You are given a tree consisting of ~N~ nodes and ~N-1~ edges. Each edge has a weight ~w_i~ and each node as a value ~v_i~. You can perform the following two operations on the tree any number of times:

• Double a node ~u~'s value. In other words, ~v_u = v_u \times 2~.
• Take an edge ~k~ and divide (integer division) the edge's weight by the GCD (greatest common divisor) of the value of the nodes connected by the edge.
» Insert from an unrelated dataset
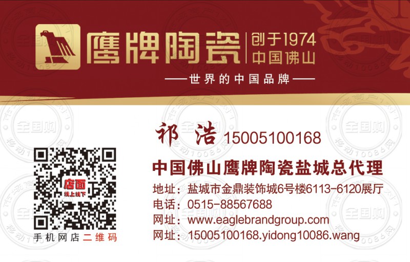 鹰牌陶瓷盐城总代理名片-15005100168
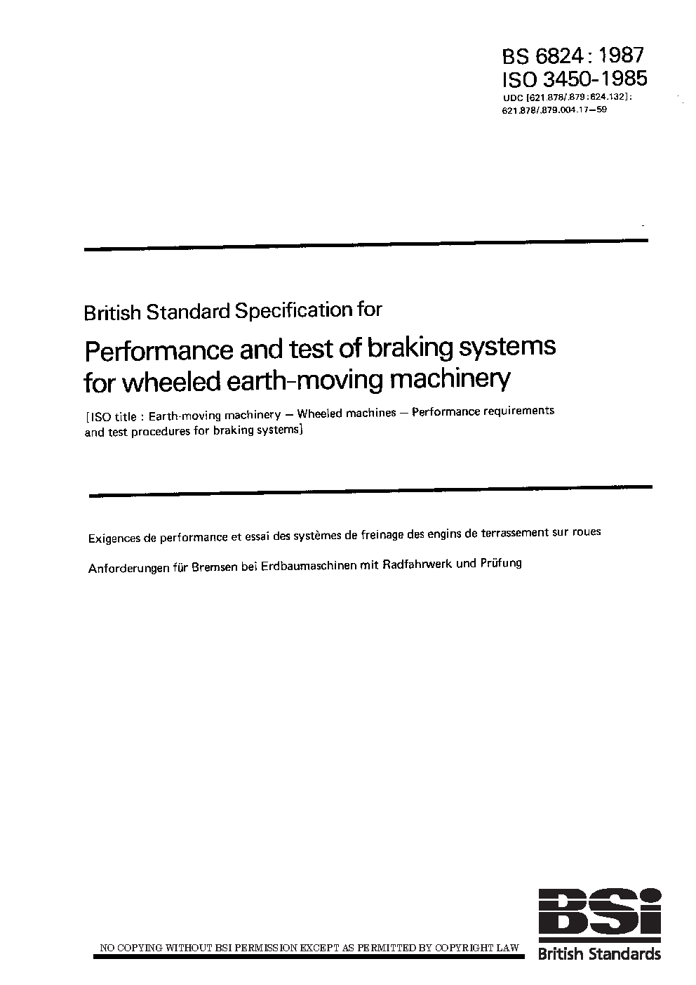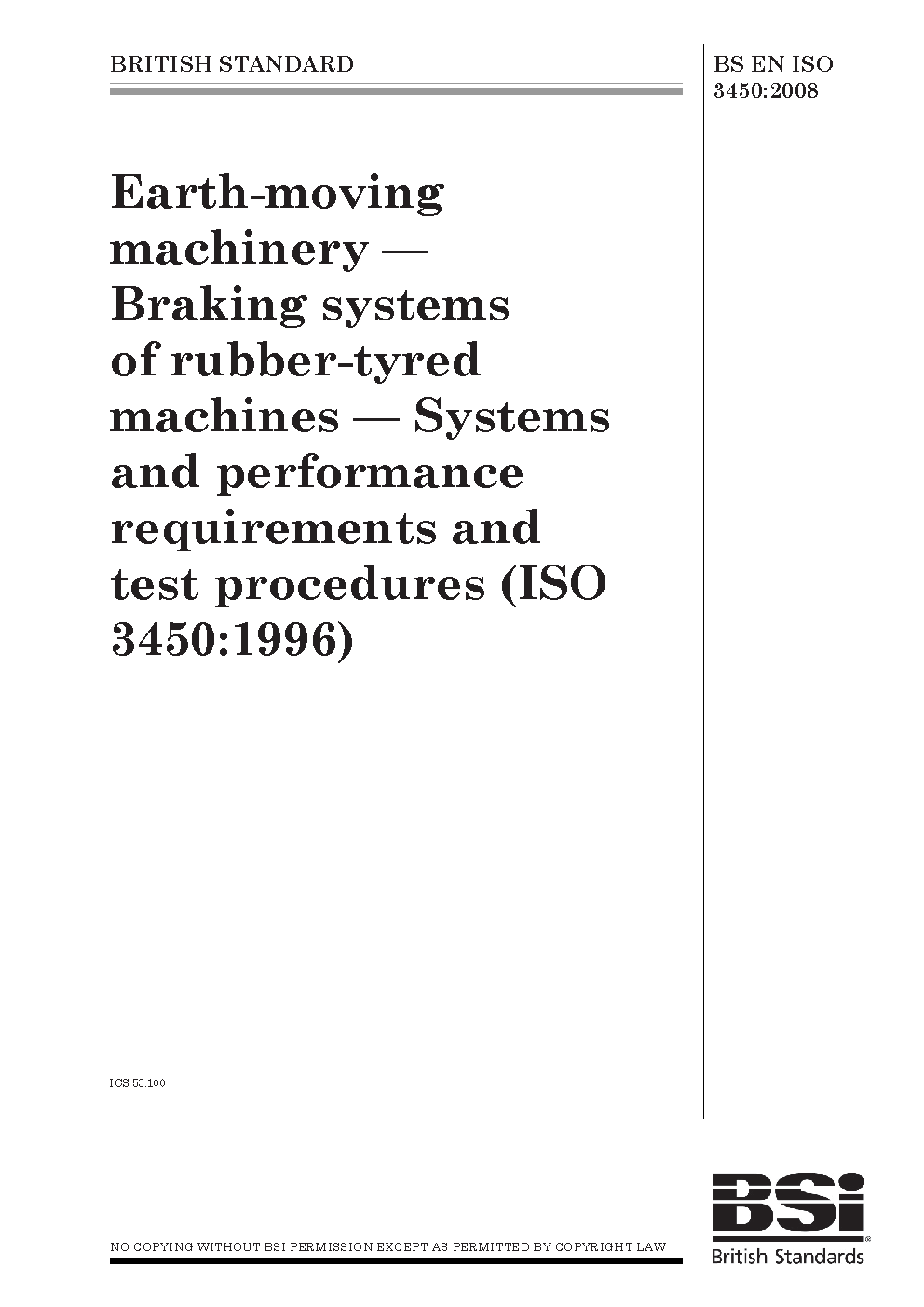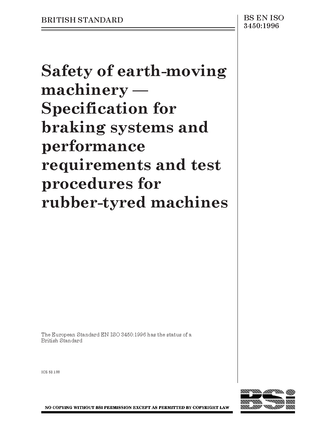 Safety of earth-moving machinery. Specification for braking systems and performance requirements and test procedures for rubber-tyred machines

In other words, ~w_k = \bigg\lfloor \frac{w_k}{GCD(a_k, b_k)} \bigg\rfloor~, where ~a_k~ and ~b_k~ are the two nodes the edge connects.

After performing the above two operations any number of times, what is the minimum sum of all the edge weights and node values?

Input Specification

The first line will contain the integer ~N~ ~(1 \le N \le 10^5)~.

The next line will contain ~N~ integers, ~v_i~ ~(1 \le v_i \le 10^9)~.

The next ~N-1~ lines will each contain three integers, ~a_j, b_j, w_j~ ~(1 \le a_j, b_j \le N, 1 \le w_j \le 10^9)~, meaning that nodes ~a_j~ and ~b_j~ will be connected by an edge of weight ~w_j~. It is guaranteed that the tree will be fully connnected.

Output Specification

Output the minimum sum of all the edge weights and node values after performing the above operations any number of times.

Sample Input

3
3 2 1
1 2 10
2 3 9

Sample Output

10